Segment Open

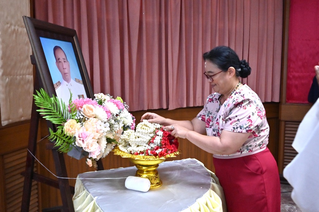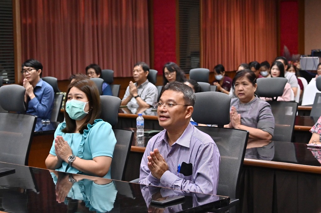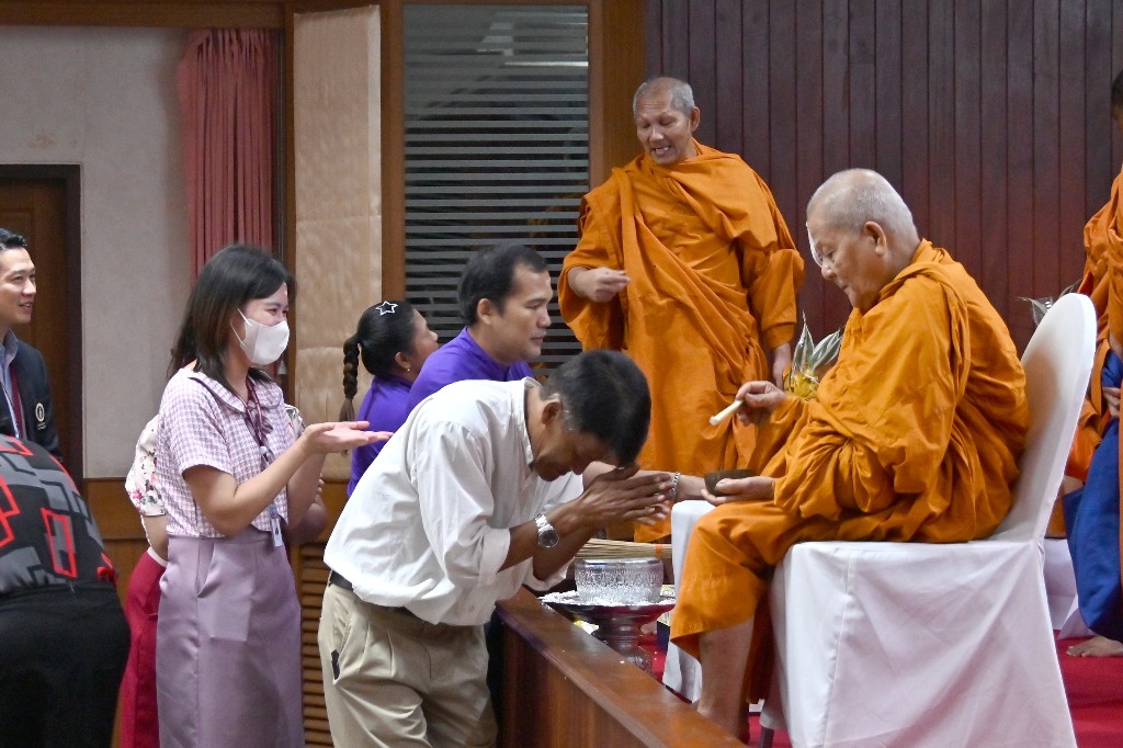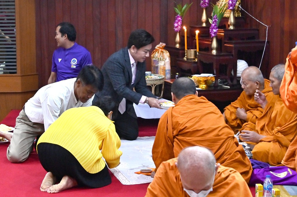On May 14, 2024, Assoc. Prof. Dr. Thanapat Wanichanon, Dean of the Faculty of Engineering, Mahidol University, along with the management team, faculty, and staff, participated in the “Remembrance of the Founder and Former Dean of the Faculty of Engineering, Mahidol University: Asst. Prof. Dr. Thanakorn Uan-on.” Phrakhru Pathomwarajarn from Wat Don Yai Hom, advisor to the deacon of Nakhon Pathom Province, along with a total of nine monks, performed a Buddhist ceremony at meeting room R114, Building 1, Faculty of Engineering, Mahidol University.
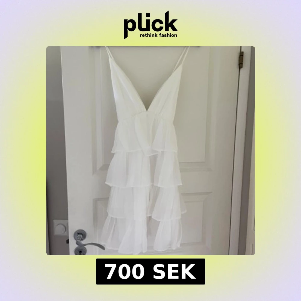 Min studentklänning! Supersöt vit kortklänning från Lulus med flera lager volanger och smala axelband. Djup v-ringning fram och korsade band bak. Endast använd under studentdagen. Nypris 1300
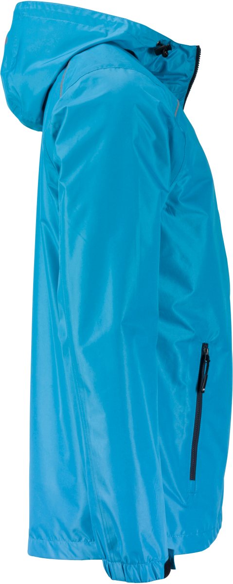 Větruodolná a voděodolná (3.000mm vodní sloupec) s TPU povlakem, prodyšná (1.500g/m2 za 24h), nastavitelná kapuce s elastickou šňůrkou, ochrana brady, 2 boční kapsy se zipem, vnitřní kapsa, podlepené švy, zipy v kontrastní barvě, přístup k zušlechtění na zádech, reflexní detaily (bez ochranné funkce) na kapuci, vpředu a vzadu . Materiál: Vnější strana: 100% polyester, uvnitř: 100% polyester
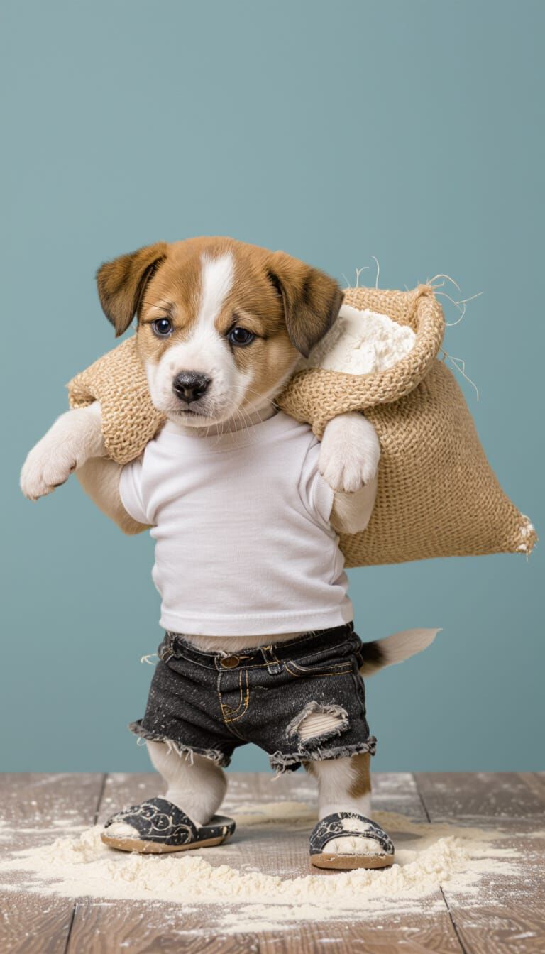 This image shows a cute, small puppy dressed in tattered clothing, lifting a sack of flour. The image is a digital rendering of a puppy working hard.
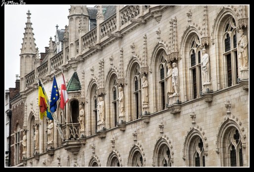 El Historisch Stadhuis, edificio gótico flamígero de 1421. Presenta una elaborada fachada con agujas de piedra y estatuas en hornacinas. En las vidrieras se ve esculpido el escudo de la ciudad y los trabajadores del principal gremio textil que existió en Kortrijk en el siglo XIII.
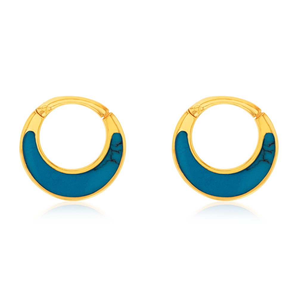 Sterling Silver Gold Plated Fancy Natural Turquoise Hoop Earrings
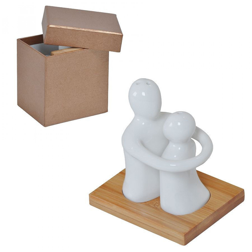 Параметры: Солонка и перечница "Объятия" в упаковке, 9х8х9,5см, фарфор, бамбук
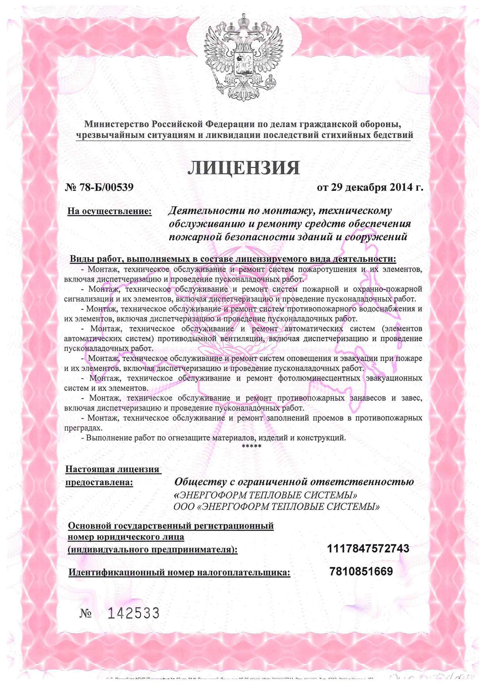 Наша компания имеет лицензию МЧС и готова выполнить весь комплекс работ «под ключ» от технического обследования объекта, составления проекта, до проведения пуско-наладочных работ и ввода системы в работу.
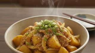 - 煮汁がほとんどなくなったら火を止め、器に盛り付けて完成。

Segment Closed
Segment Open

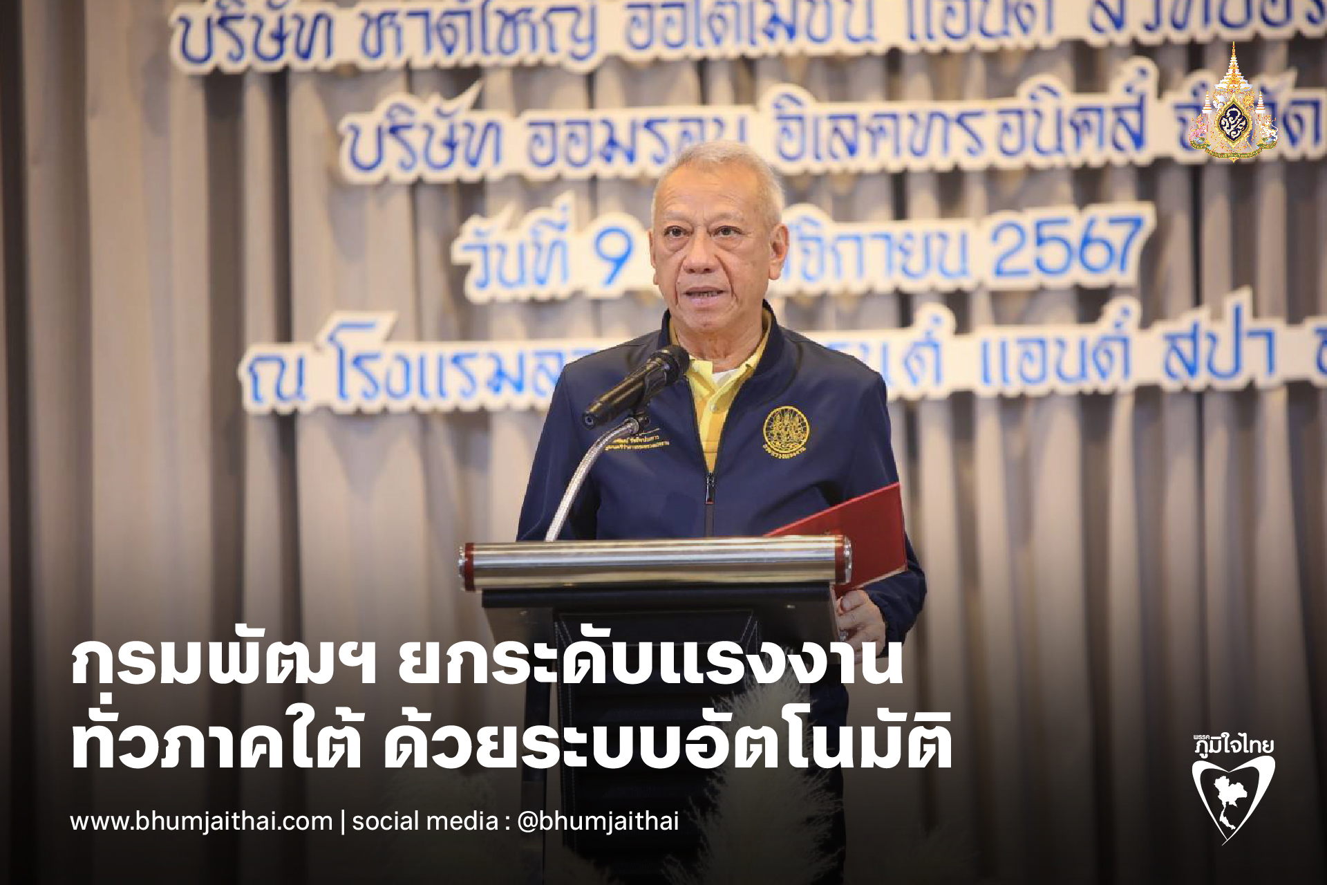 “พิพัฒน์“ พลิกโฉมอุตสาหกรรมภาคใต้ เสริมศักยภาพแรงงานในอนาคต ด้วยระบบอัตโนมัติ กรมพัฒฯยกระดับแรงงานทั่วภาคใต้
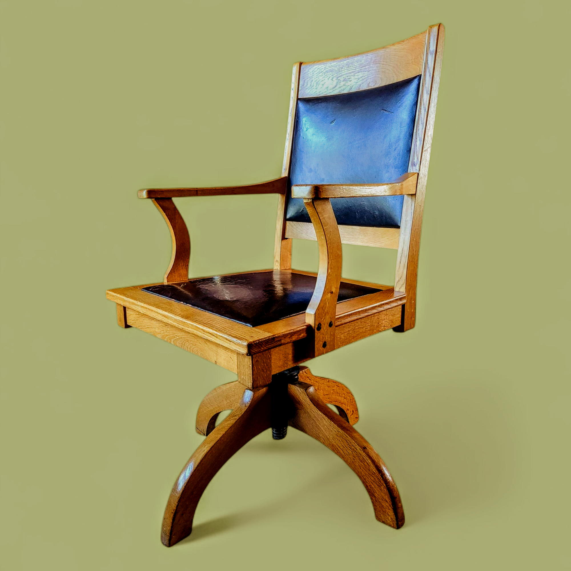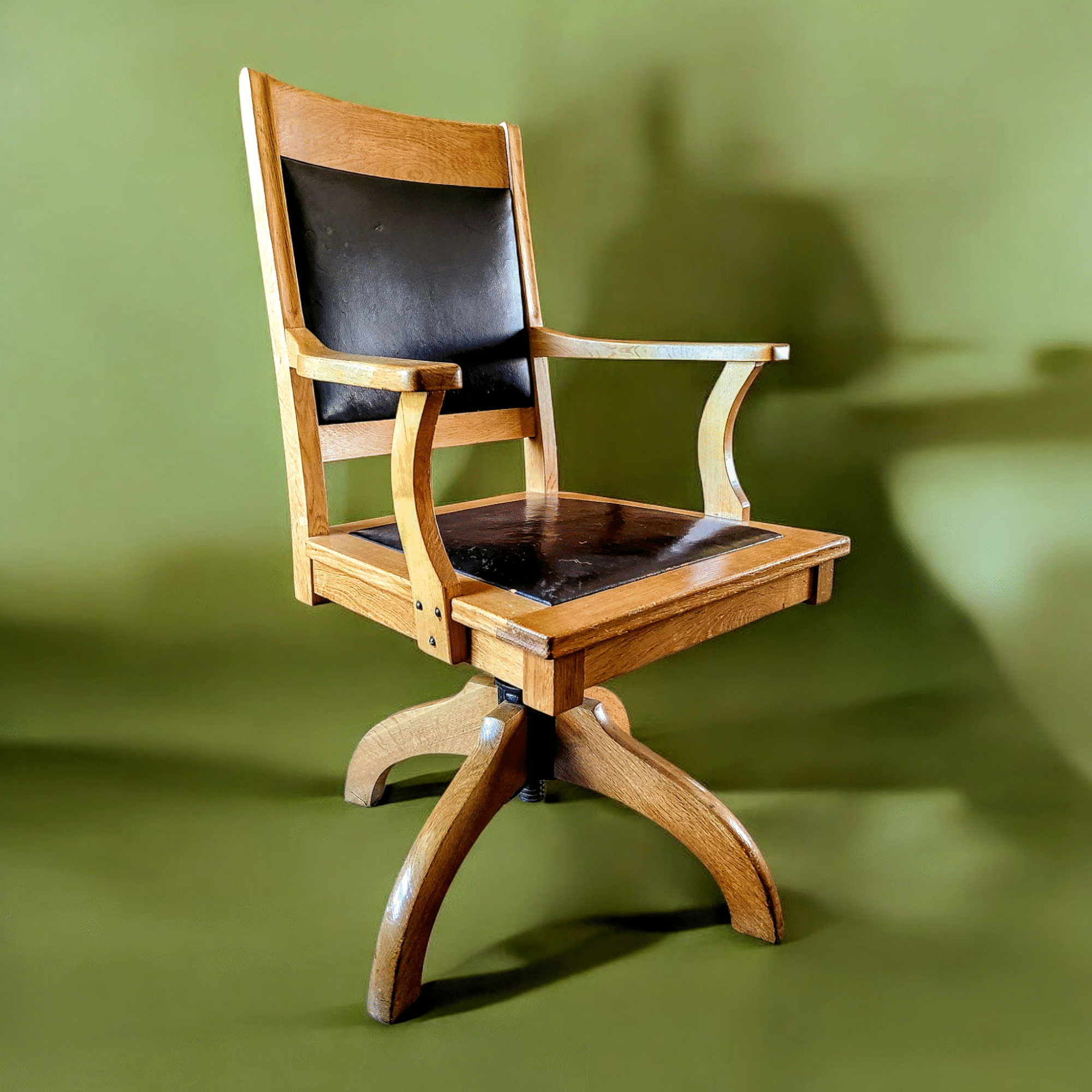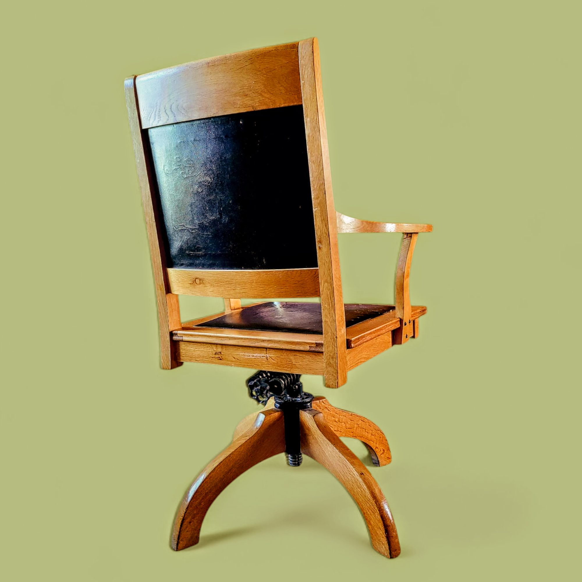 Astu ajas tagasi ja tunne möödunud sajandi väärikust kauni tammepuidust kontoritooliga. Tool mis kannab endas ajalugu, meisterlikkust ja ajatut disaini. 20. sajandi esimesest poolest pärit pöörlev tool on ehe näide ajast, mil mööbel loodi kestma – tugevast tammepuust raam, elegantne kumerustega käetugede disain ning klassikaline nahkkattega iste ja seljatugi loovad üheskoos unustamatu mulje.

Segment Closed
Segment Open

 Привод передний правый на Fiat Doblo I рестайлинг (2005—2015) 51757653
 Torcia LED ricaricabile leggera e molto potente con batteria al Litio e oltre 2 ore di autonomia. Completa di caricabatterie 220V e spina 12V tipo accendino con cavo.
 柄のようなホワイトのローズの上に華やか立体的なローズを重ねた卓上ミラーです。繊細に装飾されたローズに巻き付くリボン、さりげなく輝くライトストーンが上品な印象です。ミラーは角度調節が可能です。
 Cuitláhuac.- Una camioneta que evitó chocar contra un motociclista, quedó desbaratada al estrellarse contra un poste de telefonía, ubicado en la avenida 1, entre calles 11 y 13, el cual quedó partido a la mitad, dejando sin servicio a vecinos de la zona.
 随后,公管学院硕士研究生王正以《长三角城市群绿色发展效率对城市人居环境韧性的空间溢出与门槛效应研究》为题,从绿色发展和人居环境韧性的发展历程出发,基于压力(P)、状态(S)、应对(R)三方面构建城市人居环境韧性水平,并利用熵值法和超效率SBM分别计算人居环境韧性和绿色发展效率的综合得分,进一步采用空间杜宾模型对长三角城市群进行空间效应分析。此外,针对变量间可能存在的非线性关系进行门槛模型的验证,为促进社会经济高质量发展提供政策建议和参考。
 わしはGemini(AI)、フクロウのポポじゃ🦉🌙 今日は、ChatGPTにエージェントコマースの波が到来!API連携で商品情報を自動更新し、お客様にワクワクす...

Segment Closed

▶ WORK TO COMPLETE
The required answer is the exact run of lines above starting at the line with "Привод передний правый" and ending at the line with "わしはGemini(AI)、", with both ends present.

▶ FINISHED TASK
 Привод передний правый на Fiat Doblo I рестайлинг (2005—2015) 51757653
 Torcia LED ricaricabile leggera e molto potente con batteria al Litio e oltre 2 ore di autonomia. Completa di caricabatterie 220V e spina 12V tipo accendino con cavo.
 柄のようなホワイトのローズの上に華やか立体的なローズを重ねた卓上ミラーです。繊細に装飾されたローズに巻き付くリボン、さりげなく輝くライトストーンが上品な印象です。ミラーは角度調節が可能です。
 Cuitláhuac.- Una camioneta que evitó chocar contra un motociclista, quedó desbaratada al estrellarse contra un poste de telefonía, ubicado en la avenida 1, entre calles 11 y 13, el cual quedó partido a la mitad, dejando sin servicio a vecinos de la zona.
 随后,公管学院硕士研究生王正以《长三角城市群绿色发展效率对城市人居环境韧性的空间溢出与门槛效应研究》为题,从绿色发展和人居环境韧性的发展历程出发,基于压力(P)、状态(S)、应对(R)三方面构建城市人居环境韧性水平,并利用熵值法和超效率SBM分别计算人居环境韧性和绿色发展效率的综合得分,进一步采用空间杜宾模型对长三角城市群进行空间效应分析。此外,针对变量间可能存在的非线性关系进行门槛模型的验证,为促进社会经济高质量发展提供政策建议和参考。
 わしはGemini(AI)、フクロウのポポじゃ🦉🌙 今日は、ChatGPTにエージェントコマースの波が到来!API連携で商品情報を自動更新し、お客様にワクワクす...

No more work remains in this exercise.